AML risks surge in healthcare payments

AML

Healthcare payments are rapidly emerging as a new battleground in the fight against financial crime. Traditionally viewed as systems vulnerable to billing fraud or abuse, claims processors, telehealth billing platforms and pharmaceutical payment networks are now being exploited for a more complex purpose: laundering illicit funds.

In 2025, US authorities delivered a stark warning. The Department of Justice’s largest ever healthcare fraud takedown charged 324 individuals linked to $14.6bn in false claims, more than double the previous record, said Flagright.

Crucially, investigators found that many of these schemes did not simply siphon money from insurers and public programmes. They layered and laundered proceeds through shell companies, crypto assets and international transfers. Healthcare payment infrastructure is no longer just a fraud vector; it has become an anti-money laundering (AML) concern in its own right.

Regulators have taken note. Financial authorities including FinCEN, alongside health agencies such as HHS, are increasingly urging greater scrutiny of health-related payment flows. Their message is clear: criminals are piggybacking on legitimate healthcare transactions to disguise dirty money. Billing platforms and pharma payment operators that fail to strengthen AML controls risk becoming the weakest link in the financial chain.

Enforcement actions throughout 2025 reinforced this wake-up call. The DOJ highlighted cases where international networks stole patient identities to generate billions in fraudulent claims, then laundered hundreds of millions via crypto wallets and offshore structures. In some instances, insiders allegedly helped move funds abroad while bypassing AML safeguards. Separate conspiracies channelled Medicare payments into private accounts before transferring the money overseas, prompting standalone money laundering charges. Healthcare fraud and money laundering are now deeply intertwined.

FinCEN has also reported a rise in suspicious activity reports tied to healthcare fraud proceeds feeding into broader laundering networks, including those linked to foreign criminal organisations.

At the same time, agencies such as the Centers for Medicare & Medicaid Services are leaning heavily on advanced data analytics to detect anomalous billing and payment behaviour. For platforms operating in healthcare finance, AML risk must now be treated with the same seriousness as fraud risk.

International pharmaceutical trade adds further complexity. Cross-border supply chains can be exploited for trade-based money laundering, including mispriced invoices and shell distributors. Watchdogs have flagged unusual pivots into high-value pharma exports and opaque third-party payment chains as red flags.

Sanctions exposure is another growing risk, particularly where intermediaries obscure ultimate beneficiaries. Payment networks that fail to screen counterparties effectively may inadvertently facilitate sanctioned activity or organised crime.
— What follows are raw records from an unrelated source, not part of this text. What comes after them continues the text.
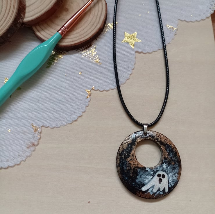 A 4cm wooden circular pendant hand painted in a ghost design, features a black and gold background
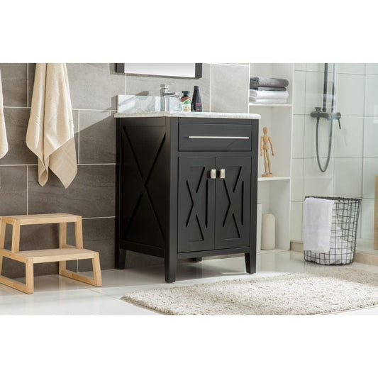 Laviva Wimbledon 24" Brown Vanity Base and White Carrara Marble Countertop With Rectangular Ceramic Sink
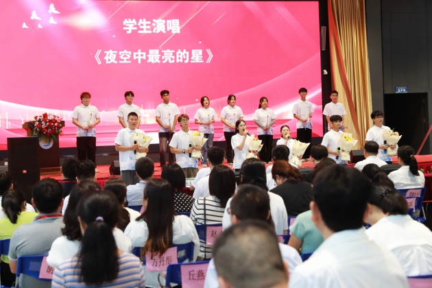大会最后,学校工会和团委把精心准备的特别节目献给全体教职工。教职工代表献唱了歌曲《奉献》,表达了对教育事业的执着坚守、对学校的深情厚意;学生代表合唱《夜空中最亮的星》,表达了对全体教职工的感激之情、对学校的真挚祝福。
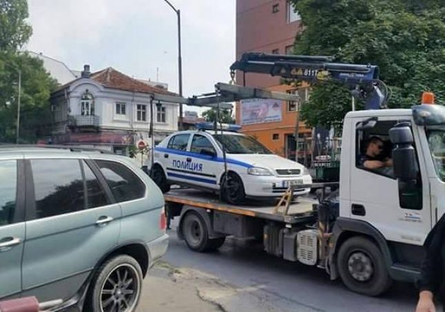 Снимка на общински паяк, вдигнал полицейска кола, изпрати читател на Moreto.net на редакционната ни поща.

Despite strict privacy frameworks such as HIPAA, healthcare organisations are permitted to use patient data for fraud detection and compliance activities, provided safeguards are in place.

The Privacy Rule recognises fraud prevention as part of “health care operations”, allowing covered entities and business associates to analyse relevant data without individual authorisation. However, minimum necessary standards, strong access controls and detailed audit logging remain essential.
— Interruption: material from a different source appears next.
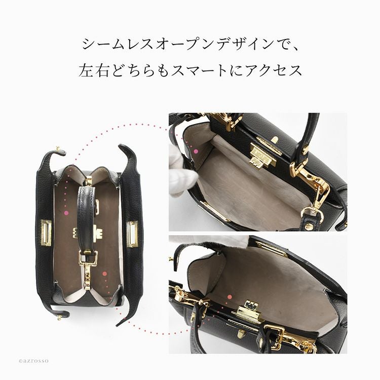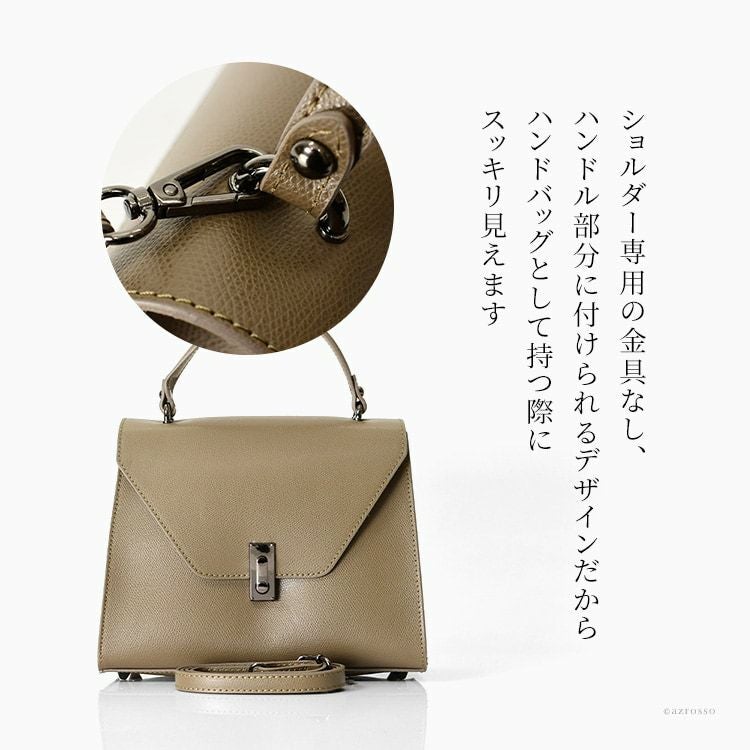 普段使いからフォーマルにも持てる上質レザー×洗練デザインのイタリア製ミニバッグ。ハンドバッグのハンドル部分の金具を外すだけで、そのままショルダーバッグ変わる2way仕様 イタリア製 2way ハンドバッグ ショルダーバッグ ミニ 小さめ レディース 金具なし イタリアブランド バッグ 普段使いもできるフォーマルバッグ 本革

Strengthening AML defences therefore requires a combination of behavioural analytics, sanctions screening and targeted transaction monitoring. Machine learning models can establish baseline billing patterns and flag sudden deviations.

Rule-based controls can detect unusual refund activity or rapid layering of claim payments. Continuous screening against sanctions lists and high-risk entities is vital, particularly in cross-border pharmaceutical flows. Equally important is secure case management, ensuring investigators can review sensitive data within a fully auditable, privacy-compliant environment.
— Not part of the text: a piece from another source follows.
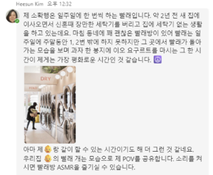 임직원들이 각자의 ‘소확행’을 챗에 자유롭게 공유하는 시간을 가졌어요. 빨래방에서 기다리며 과자와 요구르트를 먹는 시간, 연차 날에 좋아하는 친구와 평냉 오픈런, 귀여운 선인장과 하늘을 함께 감상하는 순간, 날씨에 맞는 유튜브 플레이리스트, 오늘의 소중한 커피 한 잔, 아버지의 날을 기념해 받은 아들의 귀여운 카드, 안양시백일장 참석, 고양이와 강아지들과 함께하는 소중한 시간까지! 정말 다양한 소확행이 공유되었습니다.
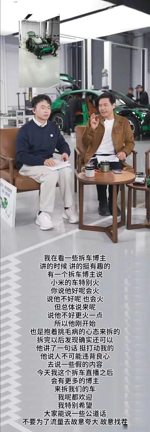 雷军回应为什么要拆车 那必须是主打一个自信!而且这次说的也非常直白,既然要被放在放大镜下审视,那咱不如主动出击,自己拿出显微镜来消除系统性的信任危机。再加上本身小米的造车整体技术和用料都非常优秀,在直接拆给大家看的同时,也给其他同行出了一道“你敢不敢拆”的选择题。所以强烈建议大家都去看看,是一个很不错的能够了解小米汽车的机会,总之真诚永远是必杀技!

Far from being a regulatory burden alone, robust AML controls can become a strategic advantage. Strong compliance frameworks reassure banking partners, reduce financial losses and demonstrate resilience under regulatory scrutiny. In a sector built on trust, financial integrity enhances brand value and long-term sustainability.

Healthcare payments can no longer assume AML is someone else’s responsibility. From telehealth startups to large claims processors, embedding advanced AML capabilities is now a product necessity. As enforcement intensifies and criminal tactics evolve, platforms that act decisively will not only protect themselves from regulatory risk but strengthen the foundations of trust on which the entire healthcare ecosystem depends.